After a couple of weeks, she did get in touch with him again. But something was wrong. She was very agitated. It seemed that food was disappearing from her ‘fridge. She would put in dinner leftovers, and the next day the plate was empty. Some stranger must be sneaking into the trailer after she went to bed. The man didn’t buy this story. He thought it was hooey. His mom was old and could be imagining things. But he went along with her all the same. If she was scared of intruders, she might want him around for protection.

As time went on, she became more and more disturbed about the missing food. You might even say she was growing demented. She was so concerned, she started eating out all the time. That way, no morsel of nourishment remained in the place to attract burglars.

Then one day, police officers contacted the man. He was afraid they were running him in for vagrancy, but that wasn’t it. His mother had completely disappeared. None of her personal items were gone, not even clothes. Not one of her friends had any idea what might have become of her.

Eventually she was ruled missing and presumed dead. As it happened, the man inherited her mobile home and all the rest of her possessions. His recent kindness must have paid off. She had owned the trailer free and clear, and her spot in the trailer park was paid up for several months in advance. It looked like he would have no worries for quite some time.

But a weird little surprise was waiting for him when he moved in. Like I said, all his mom’s things were still there. He had no need for alot of women’s dresses, so his first task was to search the trailer for stuff he could sell. When he got to the living room, he glanced up at that black velvet painting he had given away all those weeks before. He could certainly get a few bucks for it now. The unexpected sight gave him a turn. When he had first found it in the dump, the painted boy was a spindly, pitiful waif. But apparently someone had painted over the figure. Now the boy looked plump and happy and contented.

This wasn’t right at all. Who could have done such a thing? Not his mother. She had been pleased with the painting the way it was. It began to look more and more like she had been right all along. Some stranger had been breaking in.

This notion seemed even more possible as weeks went by. He started to notice his leftovers vanishing from the refrigerator. Whoever did it left no signs of how he got through the locked doors. And certainly no thief ever woke him up. As he usually drank himself to sleep, this wasn’t too odd, though. In the end, he tried the very same thing his mother did. He ate all his meals at the Burger King and left no crumb in the home at all. That should have ended the break-ins.

For a while, he thought it did. Then, he saw that somebody had once again repainted the boy. The figure became gradually skinnier and skinnier. Whoever did this must have sneaked in every night. Soon, the kid was as scrawny as he had been in the beginning. He didn’t look exactly the same, though. Before, his starving face had been weary and resigned. Now, it glared off the velvet canvas with an angry, malevolent scowl. It was so threatening and off-putting, the man could hardly stand to look at it.

The man was growing more and more enraged at this vandalism.

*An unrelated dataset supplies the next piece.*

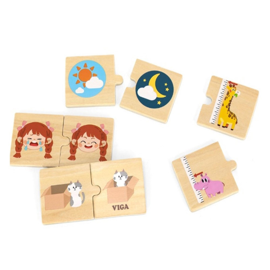 Ce puzzle des contraires est une façon ludique d'enrichir le vocabulaire des enfants en leur permettant d'associer les contraires et de découvrir leurs différences. Il favorise également le développement du vocabulaire, la concentration et la motricité fine des jeunes enfants, tout en stimulant leur raisonnement logique par la création d'associations et de liens. Livré avec une boîte magnétique pour un rangement facile.

It was an ugly, pointless invasion of his home, and he would put a stop to it. For once, he intended to do without his gin. He would sit right in front of the painting and wait for the intruder to appear.

Days later, the police were summoned. The man had not been seen by anyone for some time. Cops had to force the door to get in, and they searched everything. But apparently he had disappeared just as completely as his mother had. The black velvet painting was still there, though. It showed the fat, happy boy, not the thin one.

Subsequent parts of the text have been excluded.